Из книги ультралевого поэта-акциониста и политического активиста
Александра Бренера "Жития убиенных художников", М. Гилея, 2017 ("опыт плебейской уличной критики", как определил ее жанр автор. "В этой книге меня вели за руку два автора, которых я считаю - довольно самонадеянно - своими друзьями. Это - Варлам Шаламов и Джорджо Агамбен, поэт и философ. Они - наилучшие, надёжнейшие проводники, каких только можно представить. Таким был Вергилий - для Данте. Таким был Артюр Рембо - для Артюра Кравана. Только вот не знаю, хороший ли я спутник для моих водителей.

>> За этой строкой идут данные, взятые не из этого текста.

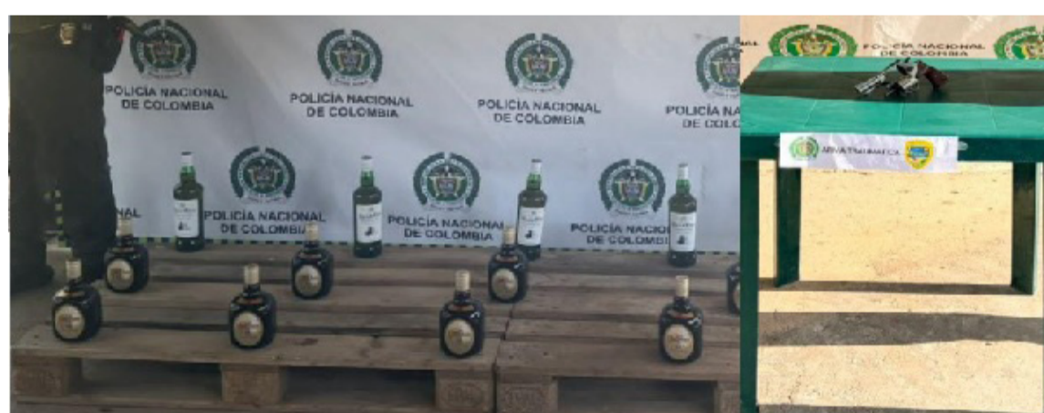
Los capturados y los elementos incautados quedaron en poder de las autoridades.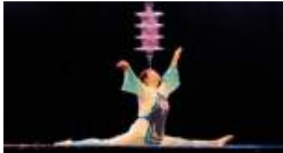
VERRES EN EQUILIBRE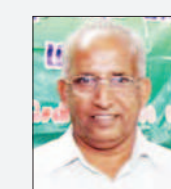
கவிப்பேராளர் நீரே அத்திப்பு (சே-அத்துல் லத்தீப்)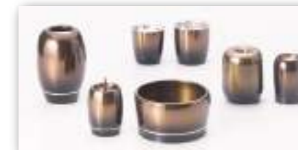
金筋入り コハクボカシ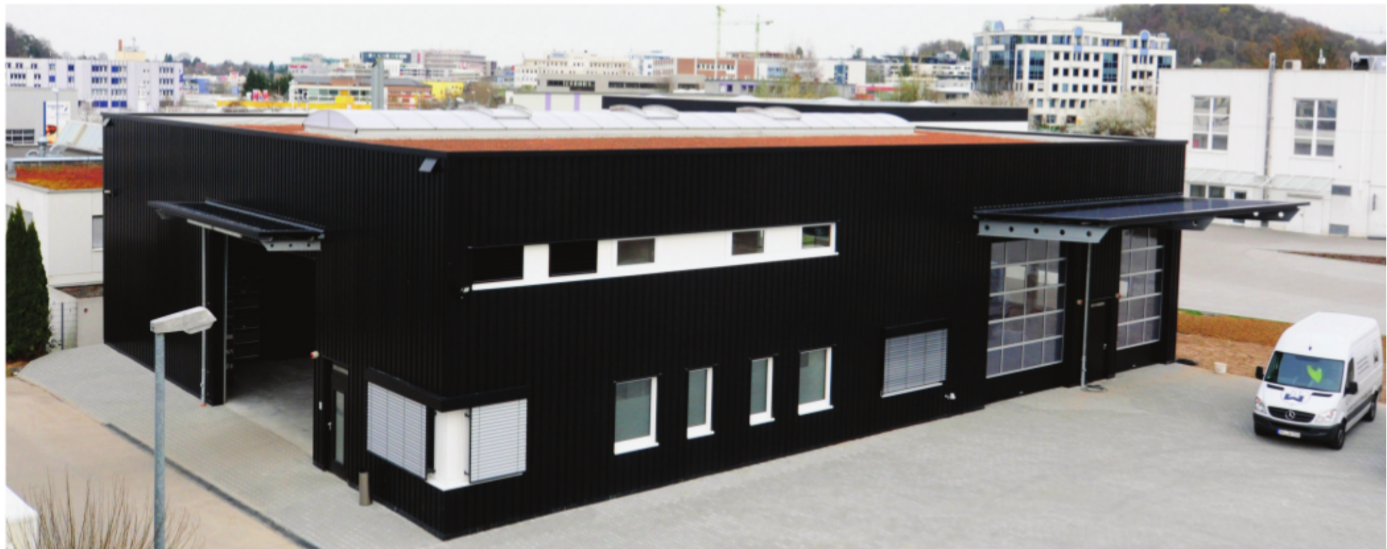
Eine klare Formensprache, welche die Architektur des Verwaltungsgebäudes aufnimmt.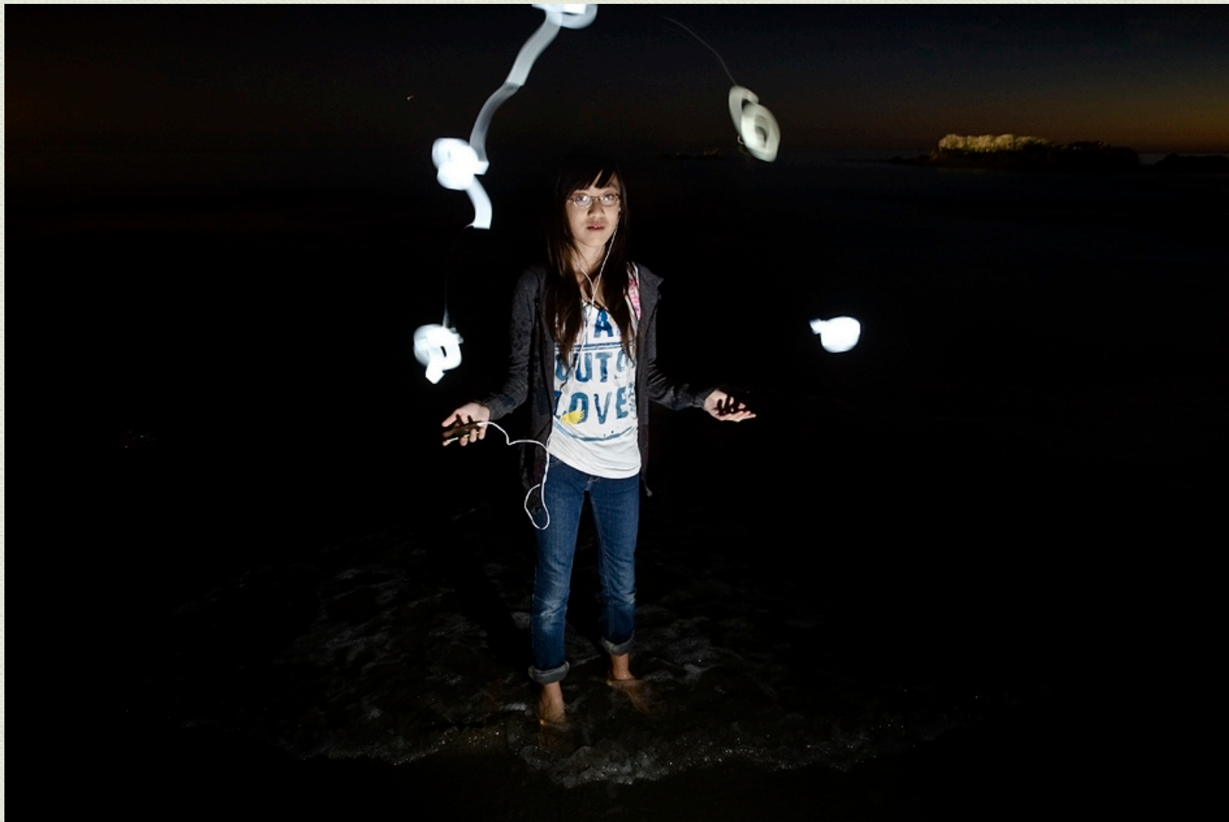
这是从国内回来后，在海滩上拍的。光源是大女儿的iPod.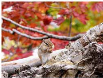
ドングリを食べるシマリス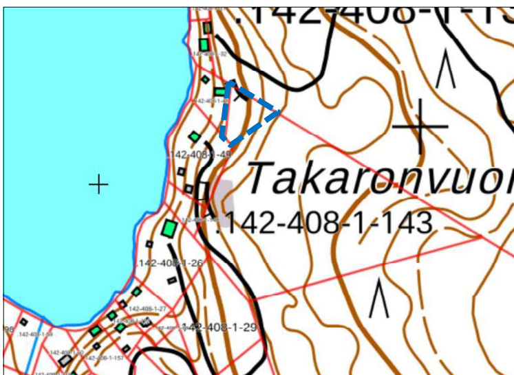
Sijainti peruskartalla 2023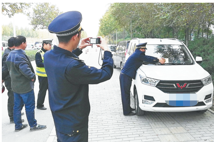
城管执法人员在给《停车记录告知单》。

一步明确执法管理权限,细化工作任务,为下一步城管联合交警查处违停行为打下坚实基础。当天下午,张店区综合行政执法局多个镇办中队联合张店交警,在张店城区内展开拉网式排查整治。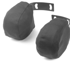
Lateral support (ABL)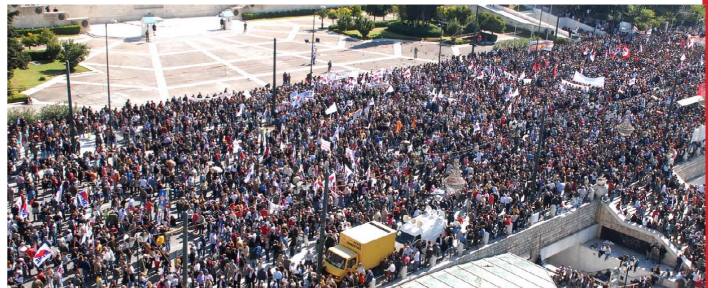
Athens, October 20 th

ήδη 5 ώρες γύρω από τη Βουλή, ομάδα κουκουλοφόρων που κουβαλούν πέτρες, ρόπαλα, βόμβες μολότοφ, πυροσβεστήρες και άλλο οπλισμό που διαθέτει μόνο η αστυνομία, όπως δακρυγόνα και χειροβομβίδες κρότου λάμψης, κινείται ανενόχλητη από την αστυνομία, μέχρι που φτάνει στις παρυφές της συγκέντρωσης του ΠΑΜΕ. Εκεί επιτίθενται στο συγκεντρωμένο πλήθος, έχοντας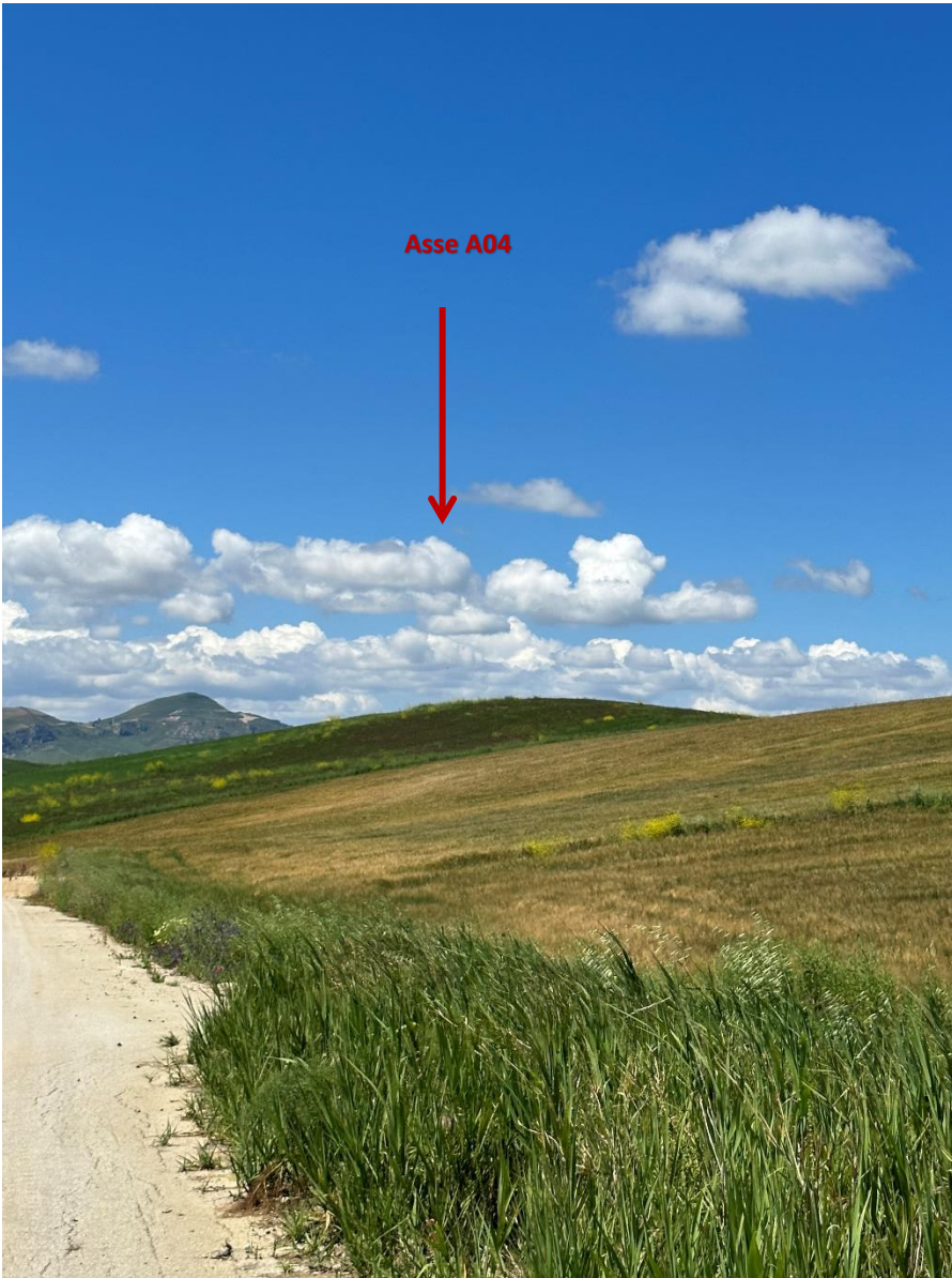
Stato dei luoghi A04

Шаламов испытал, что это такое: бродить по пустым, замороженным, страшным улицам. Научился он и другому: как не подчиняться толпе. Я иду по этой улице, думая о поэте Шаламове").
Электронная версия - в библиотеке Флибуста.
Повесть о том, как поссорился Варлам Тихонович Шаламов с Александром Исаевичем Солженицыным
Когда я попал в Амстердаме в тюрьму, испортив в Стеделик-музее картину Малевича, то, лёжа на койке в камере, много думал о двух знаменитых заключённых - Солженицыне и Шаламове.
И конечно же я обожал не Солженицына, а Шаламова.
Почему?
Да за что же любить Солженицына?
Он получил Нобелевскую премию.
Он стал знаменит на весь мир.
Он в документальном фильме Сокурова важно пил чай из чашечки.
Он за большим письменным столом строчил свои романы 19 века.
Он в пропагандистском вагоне, как Максим Горький, вернулся в Россию из Америки.
Он получил орден в Москве из рук президента Путина.
Разве этого не достаточно, чтобы не любить Солженицына?
У Варлама же Шаламова ничего этого не было: ни премии, ни стола письменного, ни романов 19 века.
У него только и были те стариковские сумасшедшие дома, где он умирал. И бараки. И коммуналки.
У Александра Солженицына оказалось своё надёжное место у бога за пазухой. И позы у него стали священнические, и интонации, и специальный покрой одежды. И жена, и дети, и дом под Москвой, и Генрих Бёлль в Германии, и журнал «Шпигель», и «Новый мир», и борода архимандритская…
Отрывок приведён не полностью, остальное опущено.